As explained above, in the toner bottle according to the present embodiment, the toner conveyer 45, which projects inward from the inner circumferential surface of the container body 60 as well as spirally extends in the one direction around the center line CL of the container body 60, is attached onto the inner circumferential surface of the container body 60. When the container body 60 is rotated facing the MFP 100, toner in the container body 60 is conveyed toward the opening 411a by the toner conveyer 45. Since the toner conveyer 45 is provided separately from the container body 60, a size of the toner conveyer 45 can be adjusted at a high degree of freedom. Therefore, it is possible to readily enlarge an inward projection height of the toner conveyer 45, and thus enhance the conveying efficiency of toner in the container body 60. As a result, it is possible to stably supply toner to the MFP 100.

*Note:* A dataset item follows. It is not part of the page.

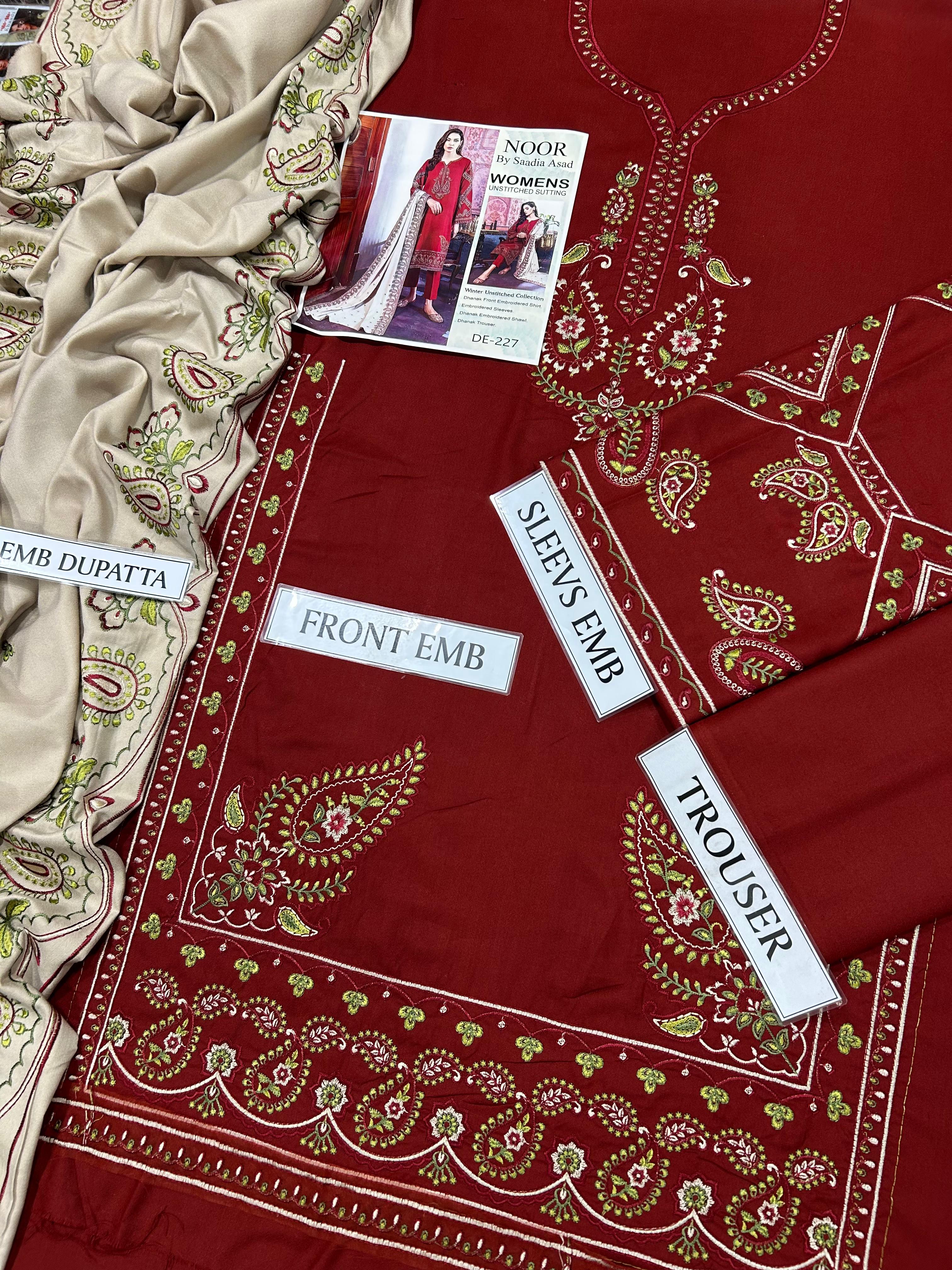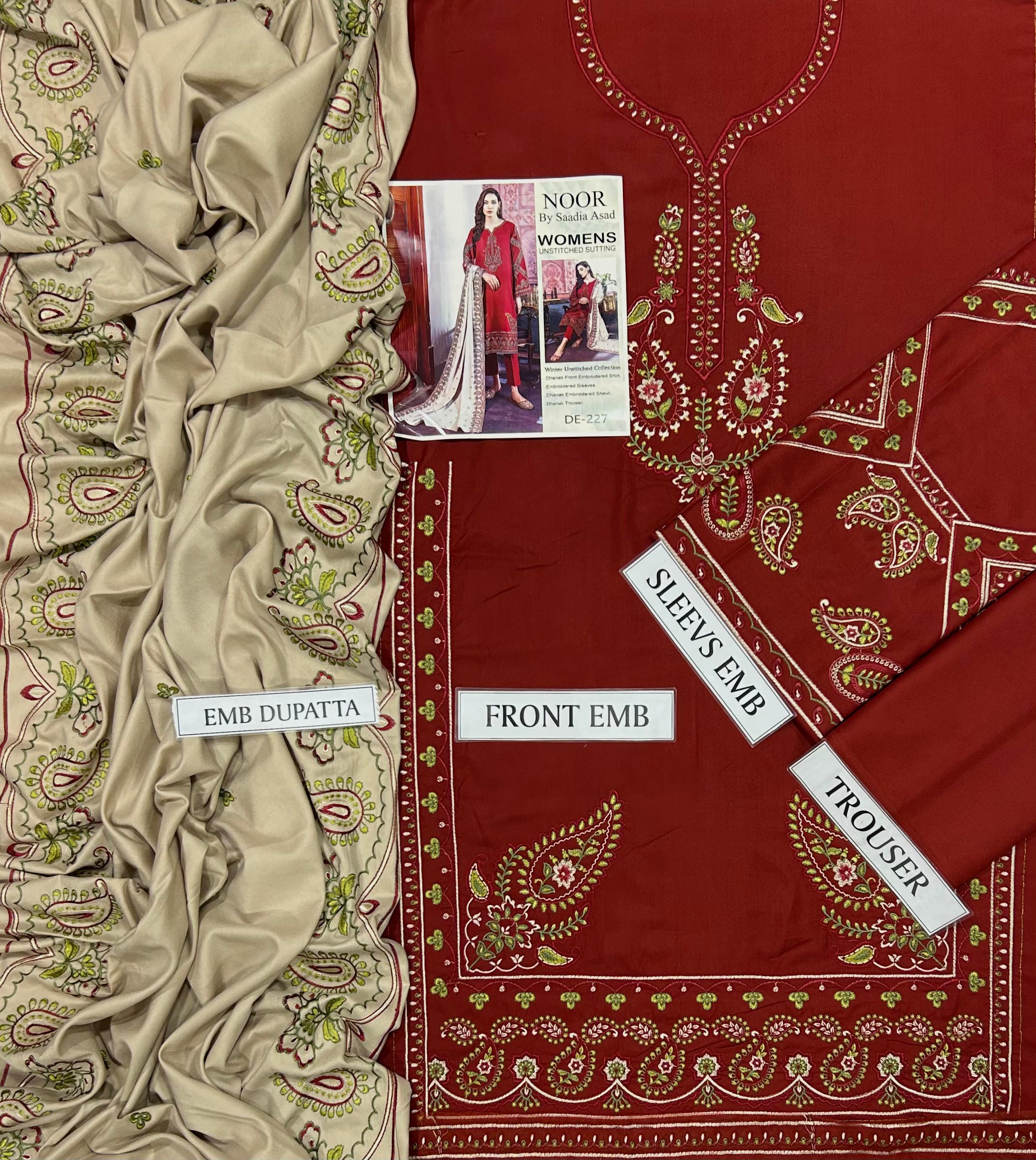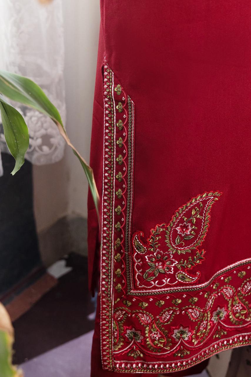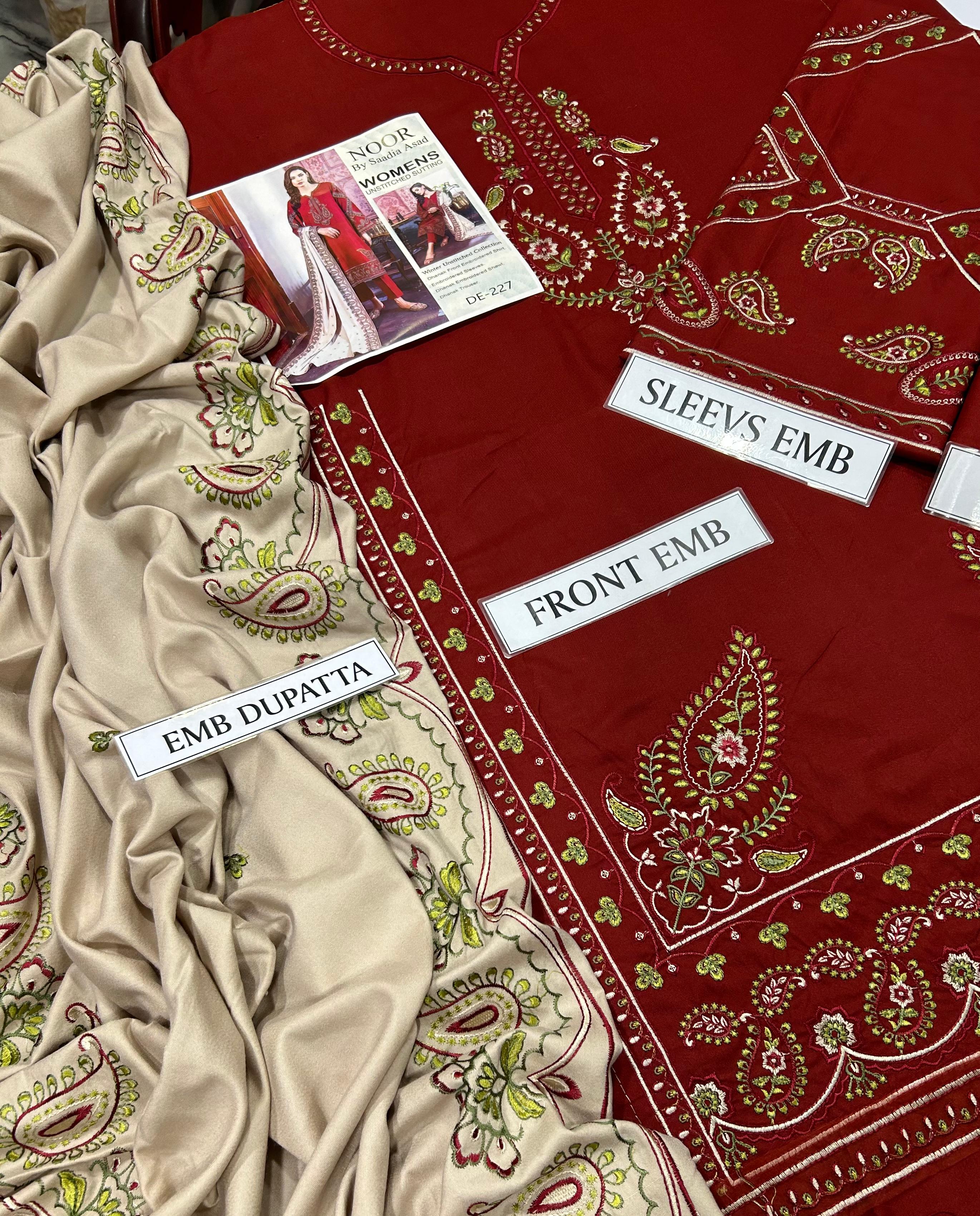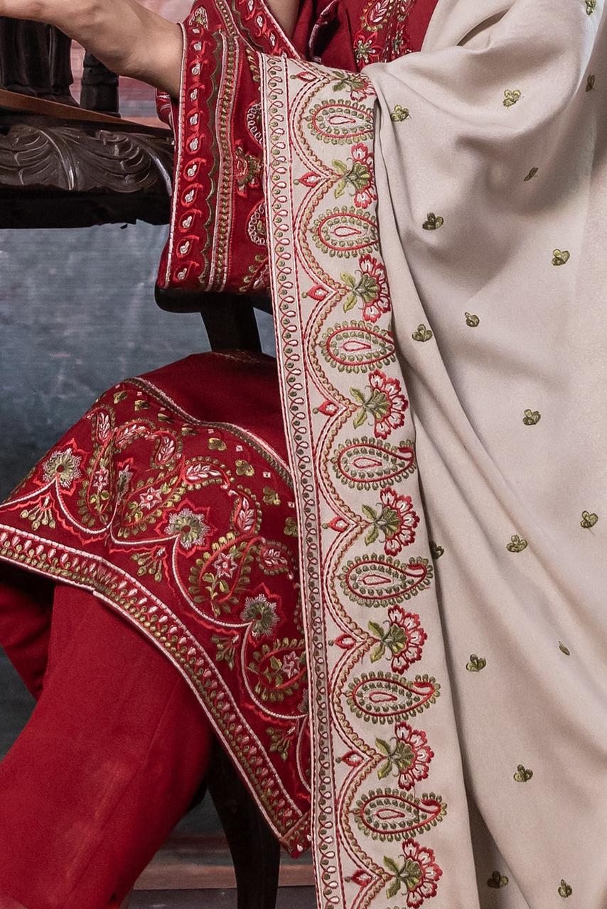 The design speaks in the language of luxury. The front and sleeves are a canvas of heavy, intricate embroidery, each thread laid with precision to create a rich, textured narrative. The embroidered neck and daman provide a beautifully framed elegance, while the heavy embroidered Dhanak shawl completes your look with undeniable grandeur.

Further, the container body 60 includes the projection 65 which projects inward from the inner circumferential surface as well as spirally extends in the one direction around the center line CL, and the toner conveyer 45 is attached to the container body 60 so as to cover at least a part of the projection 65. This facilitates attachment of the toner conveyer 45 to the container body 60.

Further, the container body 60 includes the taper 62 which extends in the one direction toward the opening 411a so as to gradually become small in diameter. This facilitates arrangement of another materials at the surrounding of the opening 411a. Further, since an amount of toner conveyed is sufficiently secured by the toner conveyer 45, it is possible to stably lead toner to the opening 411a even if inclination of the taper 62 is obstructive to movement of toner.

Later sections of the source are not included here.